第一天的代码分析结束,仅分析了training.py,明天继续

DAY 2

今天的目标是分析train函数用到的其他函数和类,目前初步的复现思路是先学习所有训练需要的函数和类,然后逐一文件重构,直至全部替换。
train函数的流程 ->config->net(init)->optimizer->cuda->load model->loss(build)->dataloader->start train
start train的流程->get images & labels->zero_grad->loss_calc->grad_calc->back_propagation->save_model


config由之前的main函数通过importlib动态导入。
net是model_main.py下的class ModelMain,负责网络的构建

    # Load and initialize network
    net = ModelMain(config, is_training=is_training)
    net.train(is_training)

以下将对ModelMain类进行分析
首先是__init__函数,进行了必须config信息的传入,backbone的构建,以及三层embedding的构建(应该是三种不同尺度的预测)
以下是信息传入

    def __init__(self, config, is_training=True):
        super(ModelMain, self).__init__()
        self.config = config
        self.training = is_training
        self.model_params = config["model_params"]

现在对backbone部分进行分析
首先类的选择,此代码将nets文件夹和backbone文件夹均写成了package,_backbone_fn采用了类darknet.darknet53,并进行了实例化和卷积层数信息的提取。

        #  backbone
        _backbone_fn = backbone_fn[self.model_params["backbone_name"]]
        self.backbone = _backbone_fn(self.model_params["backbone_pretrained"])
        _out_filters = self.backbone.layers_out_filters

下面分析darknet53,此类调用了Darknet生成模型并加载模型

def darknet53(pretrained, **kwargs):
    """Constructs a darknet-53 model.
    """
    model = DarkNet([1, 2, 8, 8, 4])
    if pretrained:
        if isinstance(pretrained, str):
            model.load_state_dict(torch.load(pretrained))
        else:
            raise Exception("darknet request a pretrained path. got [{}]".format(pretrained))
    return model

Darknet如下,结构图后续可见,使用时DarkNet53中的最后一层需要去除
此代码在构建时,首先单独构造了第一层卷积,而之后的每一个卷积将和其后续的模块一同构建,也就是_make_layer函数,其中blocks是循环次数,planes则是模块中两次卷积的核的个数。

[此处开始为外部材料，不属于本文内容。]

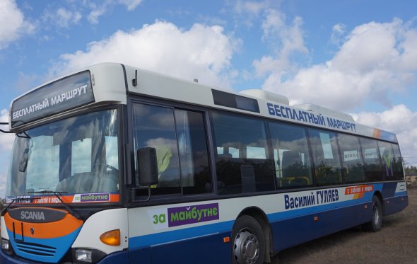 Того ж дня спостерігач біля входу до етнопарку виявив автобус з написами: "Бесплатный маршрут. За майбутнє. Василий Гуляев с заботой о людях". А біля входу – натовп людей з дітьми.

模块则是由BasicBlock模块构建。
Darknet一共返回三种降采样级别的特征。

class DarkNet(nn.Module):
    def __init__(self, layers):
        super(DarkNet, self).__init__()
        self.inplanes = 32
        self.conv1 = nn.Conv2d(3, self.inplanes, kernel_size=3, stride=1, padding=1, bias=False)
        self.bn1 = nn.BatchNorm2d(self.inplanes)
        self.relu1 = nn.LeakyReLU(0.1)

        self.layer1 = self._make_layer([32, 64], layers[0])
        self.layer2 = self._make_layer([64, 128], layers[1])
        self.layer3 = self._make_layer([128, 256], layers[2])
        self.layer4 = self._make_layer([256, 512], layers[3])
        self.layer5 = self._make_layer([512, 1024], layers[4])

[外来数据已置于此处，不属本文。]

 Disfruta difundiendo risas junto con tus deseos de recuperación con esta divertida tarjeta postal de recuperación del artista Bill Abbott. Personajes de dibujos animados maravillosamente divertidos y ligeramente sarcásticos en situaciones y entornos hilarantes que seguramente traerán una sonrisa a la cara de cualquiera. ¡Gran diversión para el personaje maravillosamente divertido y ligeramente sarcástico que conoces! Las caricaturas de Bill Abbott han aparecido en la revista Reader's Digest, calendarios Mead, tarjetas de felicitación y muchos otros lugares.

        self.layers_out_filters = [64, 128, 256, 512, 1024]

        for m in self.modules():
            if isinstance(m, nn.Conv2d):
                n = m.kernel_size[0] * m.kernel_size[1] * m.out_channels
                m.weight.data.normal_(0, math.sqrt(2. / n))
            elif isinstance(m, nn.BatchNorm2d):
                m.weight.data.fill_(1)
                m.bias.data.zero_()

    def _make_layer(self, planes, blocks):
        layers = []
        #  downsample
        layers.append(("ds_conv", nn.Conv2d(self.inplanes, planes[1], kernel_size=3,
                                stride=2, padding=1, bias=False)))
        layers.append(("ds_bn", nn.BatchNorm2d(planes[1])))
        layers.append(("ds_relu", nn.LeakyReLU(0.1)))
        #  blocks
        self.inplanes = planes[1]
        for i in range(0, blocks):
            layers.append(("residual_{}".format(i), BasicBlock(self.inplanes, planes)))
        return nn.Sequential(OrderedDict(layers))

    def forward(self, x):
        x = self.conv1(x)
        x = self.bn1(x)
        x = self.relu1(x)

        x = self.layer1(x)
        x = self.layer2(x)
        out3 = self.layer3(x)
        out4 = self.layer4(out3)
        out5 = self.layer5(out4)

        return out3, out4, out5

分析YOLOv3,然后复现(争取每日更新)_第1张图片
BasicBlock模块是用于构建残差模块,代码如下:

class BasicBlock(nn.Module):
    def __init__(self, inplanes, planes):
        super(BasicBlock, self).__init__()
        self.conv1 = nn.Conv2d(inplanes, planes[0], kernel_size=1,
                               stride=1, padding=0, bias=False)
        self.bn1 = nn.BatchNorm2d(planes[0])
        self.relu1 = nn.LeakyReLU(0.1)
        self.conv2 = nn.Conv2d(planes[0], planes[1], kernel_size=3,
                               stride=1, padding=1, bias=False)
        self.bn2 = nn.BatchNorm2d(planes[1])
        self.relu2 = nn.LeakyReLU(0.1)

    def forward(self, x):
        residual = x

        out = self.conv1(x)
        out = self.bn1(out)
        out = self.relu1(out)

        out = self.conv2(out)
        out = self.bn2(out)
        out = self.relu2(out)

        out += residual
        return out

此时基网络构建完成,以上的代码均为下面两句所调用

 #  backbone
        _backbone_fn = backbone_fn[self.model_params["backbone_name"]]
        self.backbone = _backbone_fn(self.model_params["backbone_pretrained"])
        _out_filters = self.backbone.layers_out_filters

DAY 3

昨天停更了一天,去写了其他的代码,使用了python3 的多线程和多进程后发现,由于GIL的存在多线程甚至会降低程序的运行速度,而多进程则可以对程序进行加速但可能会消耗大量的CPU和内存资源

DAY 4

今天继续对ModelMain这个类进行分析,上次分析了backbone的部分并发现它将计算并返回三种尺寸的特征图用于后续的类别和边界框预测。首先介绍三个embedding层
embedding0代码如下

        final_out_filter0 = len(config["yolo"]["anchors"][0]) * (5 + config["yolo"]["classes"])
        self.embedding0 = self._make_embedding([512, 1024], _out_filters[-1], final_out_filter0)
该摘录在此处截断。